We retrospectively reviewed our PDAC database for patients with primary resectable PDAC who were treated with AG or GEM alone as postoperative adjuvant chemotherapy between January 2013 and December 2016.

Research results

The median follow-up duration was 22 mo in the GEM group and 27 mo in the AG group. Compared with GEM, median disease-free survival (12.2 mo vs 15.8 mo, P = 0.039) and overall survival (20.6 mo vs 28.3 mo, P = 0.028) were significantly improved in the AG group. The 2-year overall survival rates were 63.3% and 43.3% in the AG and GEM groups, respectively. However, the incidence of sensory neuropathy was significantly higher in the AG than in the GEM group (53.3% vs 23.3%, P < 0.001).

Research conclusions

This study suggested that AG significantly improved disease-free survival and overall survival of patients with resected PDAC. AG may be a potential option for postoperative adjuvant chemotherapy of resectable PDAC.

Research perspectives

The present study had several limitations due to its retrospective study design.
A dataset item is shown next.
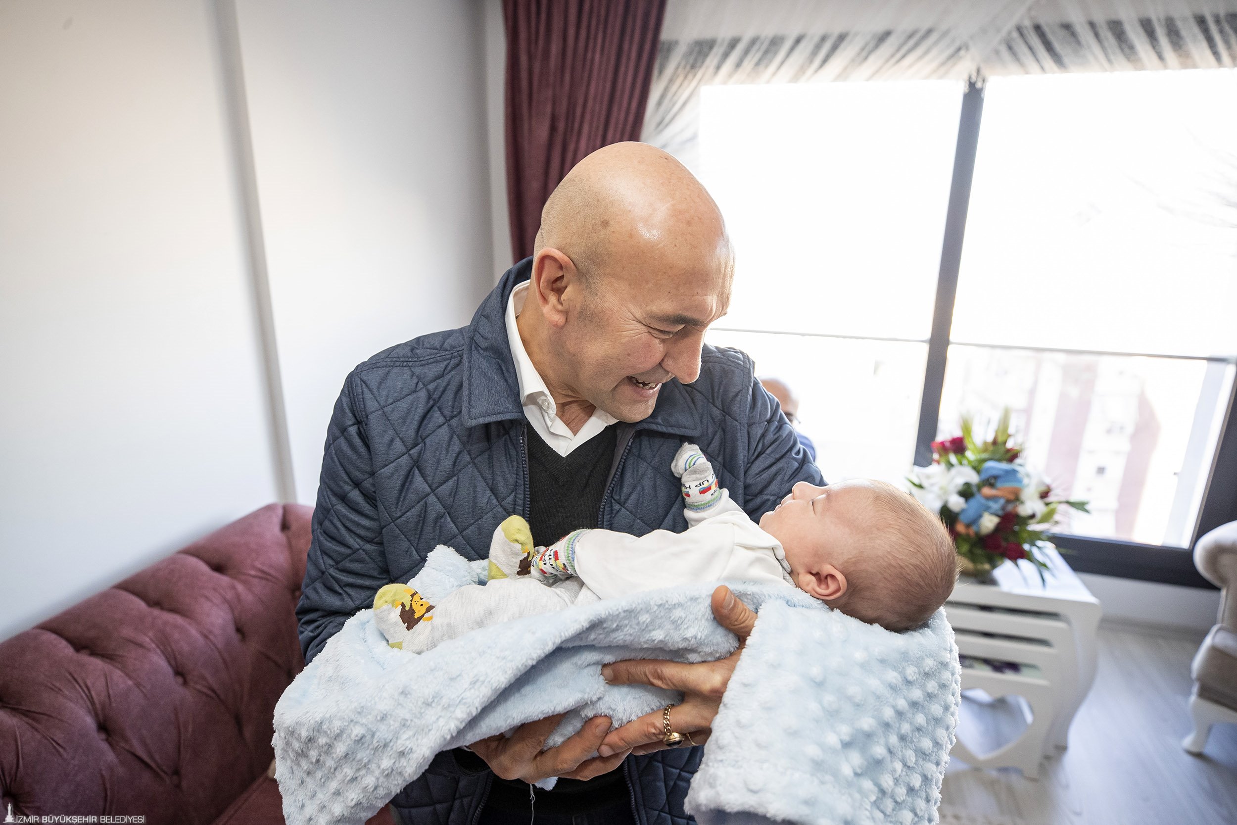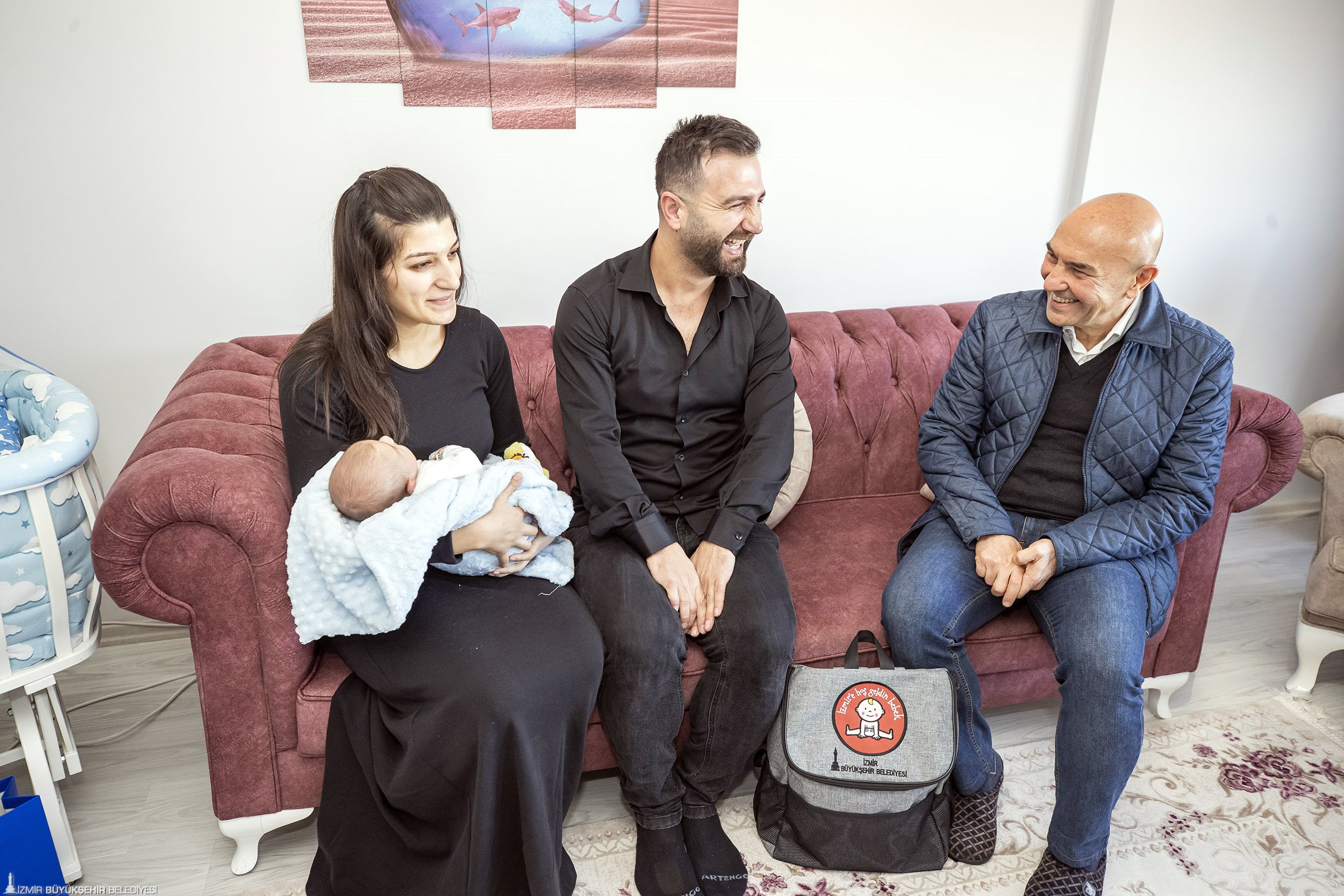 İzmir Büyükşehir Belediyesi yeni bebek sahibi aileleri, İzmir'e Hoş Geldin Bebek paketiyle karşılıyor. 0-3 aylık bebekler için hazırlanan setin ilkini, İzmir Büyükşehir Belediye Başkanı Tunç Soyer bir aylık Miran bebeğin anne ve babası Serpil-Tekin Demir’e takdim etti. Demir ailesinin Kadifekale Aziziye Mahallesi'ndeki evine konuk olan Tunç Soyer, “Bugünden itibaren İzmir’de doğan her bebek için Hoş Geldin Bebek paketi dağıtılacak ve onlar adına fidan dikilecek. Çocuklarımız ağaçlarıyla büyüyecek. Bu sayede kente olan aidiyet duyguları da güçlenecek” dedi.

It was also a single-center, nonrandomized controlled study with potential selection bias. However, our results initially indicated the efficacy and safety of AG for resectable PDAC. The ongoing Phase III APACT study is investigating survival for adjuvant GEM compared with AG for resected PDAC. We look forward to seeing the results of this study that are expected by 2022.